* Material for the task:
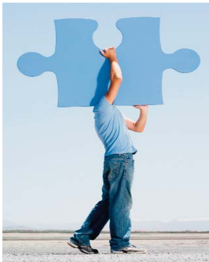
Mit dem optimalen „Puzzlestück“ zur sicheren Altersversorgung!

Im Gegenzug werden die Leistungen aus der Basis-Rente
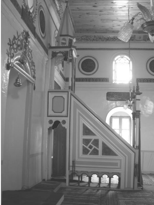
Res. 23- Şeyh Camii Minberi. Genel görünüm.
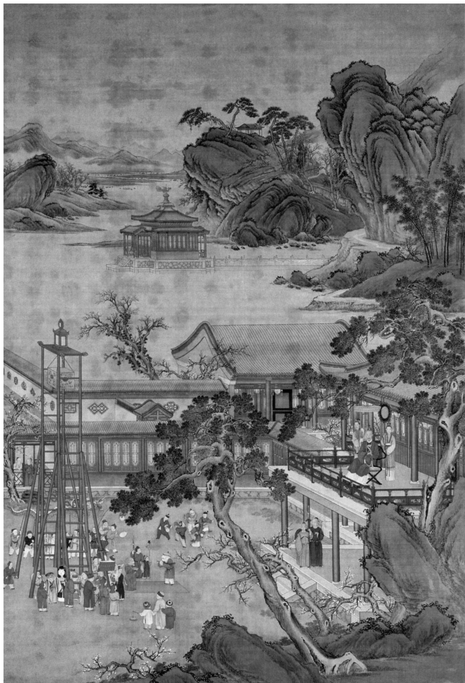
圖4 清人，《乾隆帝元宵行樂圖》，約1750—1755，絹本設色，軸，277.7 x 160.2公分，北京，故宮博物院；自朱誠如主編，《清史圖典》（北京：紫禁城出版社，2002），第七冊，頁513。
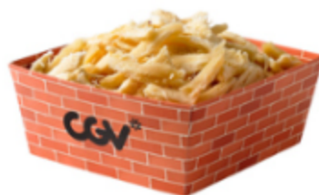
오징어(완제품) 오징어(완제품) 3,500원
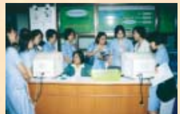
วิทยาลัยพยาบาลลำปาง...ดูงานระบบ I T : 25 ก.ค. 46
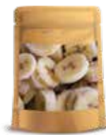
IQF EE. UU
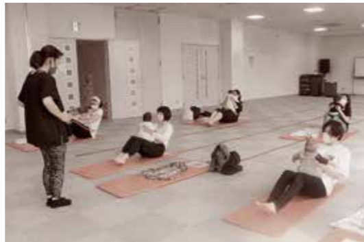
▲親子でリラックス

この講座は、産後のお母さんとそのお子さんが対象。コロナ対策で十分に距離を取りながら、今回は6組の親子が汗を流しました。育児の合間にもできるストレッチ方法やヨガのポーズが紹介され、親子で挑戦する場面も。和やかな雰囲気の中、リラックスした様子でヨガを楽しんでいました。
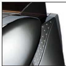
Cromato inox Chromed stainless steel Acero inoxidable Acier inox Edelstahl
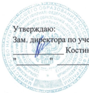
График ОргСРС по кафедре "ВИТ" на 2 семестр 2023 - 2024 учебного года
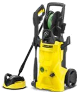
K 4 Premium Eco!ogic Home
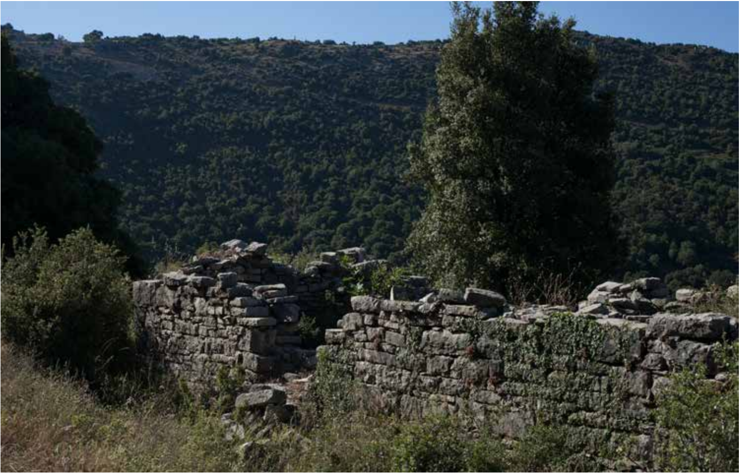
Ruins of a Christian church built on the site of the Sanctuary of Pan at Berekla.
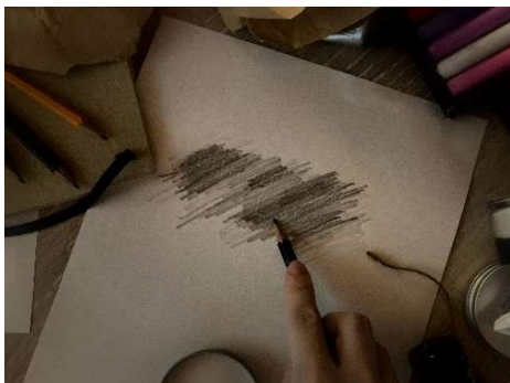
絵画技法のフロッタージュを用いて謎を解く (イメージ)

まるで血塗られたような不気味なアトリエに様変わりした客室には、絵画、画材、美術品などが散在しています。その中からストーリーの謎を解くための手がかりを見つけ、美術学者になりきり調査することが真相発見の近道です。数多くの美術品をどう調べるか…ご自身のスマートフォンを使ってストーリーを進めながら、絵画をよく見て調べたり、絵画技法のフロッタージュ（物の上を鉛筆などでこすって模様などを写し取る技法）を使うなど、デジタルとアナログのツールを駆使していただきます。客室内に謎解きミッションを多数用意していますので、クリアするごとに真相に近づきます。
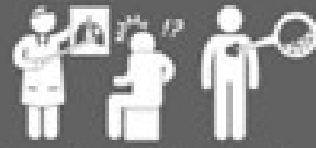
Tienes una enfermedad crónica cardiovascular y/o pulmonar

* Work instructions:
Your answer must be an exact copy of the records, without the pictures.

* Response to the exercise:
Mit dem optimalen „Puzzlestück“ zur sicheren Altersversorgung!

Im Gegenzug werden die Leistungen aus der Basis-Rente
Res. 23- Şeyh Camii Minberi. Genel görünüm.
圖4 清人，《乾隆帝元宵行樂圖》，約1750—1755，絹本設色，軸，277.7 x 160.2公分，北京，故宮博物院；自朱誠如主編，《清史圖典》（北京：紫禁城出版社，2002），第七冊，頁513。
오징어(완제품) 오징어(완제품) 3,500원
วิทยาลัยพยาบาลลำปาง...ดูงานระบบ I T : 25 ก.ค. 46
IQF EE. UU
▲親子でリラックス

この講座は、産後のお母さんとそのお子さんが対象。コロナ対策で十分に距離を取りながら、今回は6組の親子が汗を流しました。育児の合間にもできるストレッチ方法やヨガのポーズが紹介され、親子で挑戦する場面も。和やかな雰囲気の中、リラックスした様子でヨガを楽しんでいました。
Cromato inox Chromed stainless steel Acero inoxidable Acier inox Edelstahl
График ОргСРС по кафедре "ВИТ" на 2 семестр 2023 - 2024 учебного года
K 4 Premium Eco!ogic Home
Ruins of a Christian church built on the site of the Sanctuary of Pan at Berekla.
絵画技法のフロッタージュを用いて謎を解く (イメージ)

まるで血塗られたような不気味なアトリエに様変わりした客室には、絵画、画材、美術品などが散在しています。その中からストーリーの謎を解くための手がかりを見つけ、美術学者になりきり調査することが真相発見の近道です。数多くの美術品をどう調べるか…ご自身のスマートフォンを使ってストーリーを進めながら、絵画をよく見て調べたり、絵画技法のフロッタージュ（物の上を鉛筆などでこすって模様などを写し取る技法）を使うなど、デジタルとアナログのツールを駆使していただきます。客室内に謎解きミッションを多数用意していますので、クリアするごとに真相に近づきます。
Tienes una enfermedad crónica cardiovascular y/o pulmonar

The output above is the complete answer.